According to the Oromia Regional government, there are two telephone stations and a post office agent in Kofele. Primary, junior secondary and senior secondary schools are present, as well as medical and veterinary clinics. Although electricity is available, there are no fuel stations, banks or insurance organizations in Kofele.

Kofele was founded on the orders of Balambaras Chakiiso Tuuri in the 1910s; Waako Oborra laid out the market where the town has since occupied. The community was important at the beginning as an assembly point for long-distance caravans because of its water, grazing and strategic location. In the 1930s, Swedish missionaries operated a small school in Kofele; they returned to the town after the Italian occupation. By 1956, however, the road connecting Kofele to Shashamene remained so poor that it took 6 hours to drive the 25 kilometers.

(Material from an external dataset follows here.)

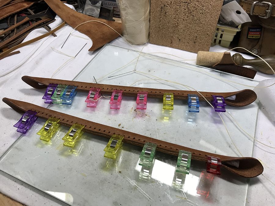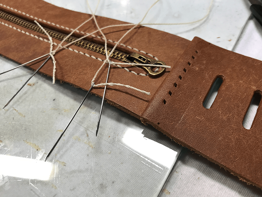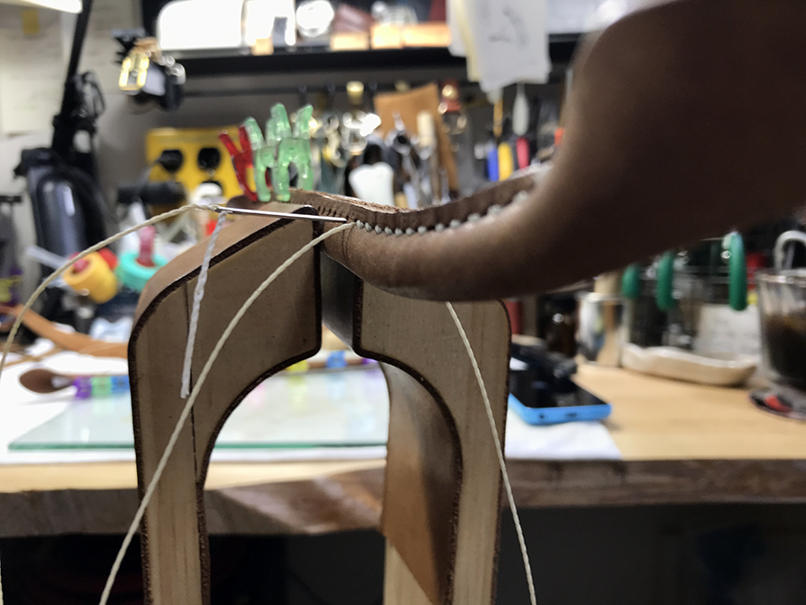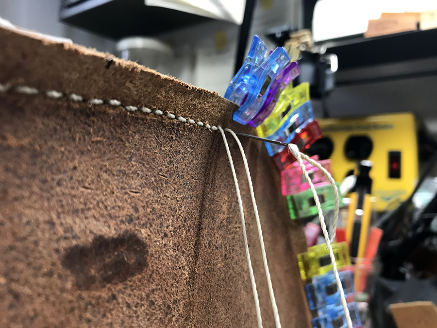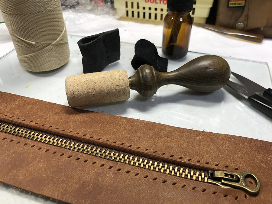 ↓ 全て手縫いで力を入れますので裏漉きは薄すぎないようにしてます

In one of his many published accounts of life in Kofele, P.T.W. Baxter records that in the 1969 Parliamentary elections that the two-seat constituency which included Kofele returned two Arsi Oromo members. Although Arsi made up the overwhelming majority of the electorate, this was the first time that two Arsi had been elected, Baxter explains, "because more Arssi had been persuaded to register and to vote." However the provincial governor ruled the results improper, disqualified one of the candidates, and ordered a fresh election. In the second election, Arsi Oromo voters were intimidated, and the majority prevented from voting with the result that a Christian northerner was elected. "The defeated candidate was transformed from a traditionalist and Government time-server into a tribal martyr," Baxter notes.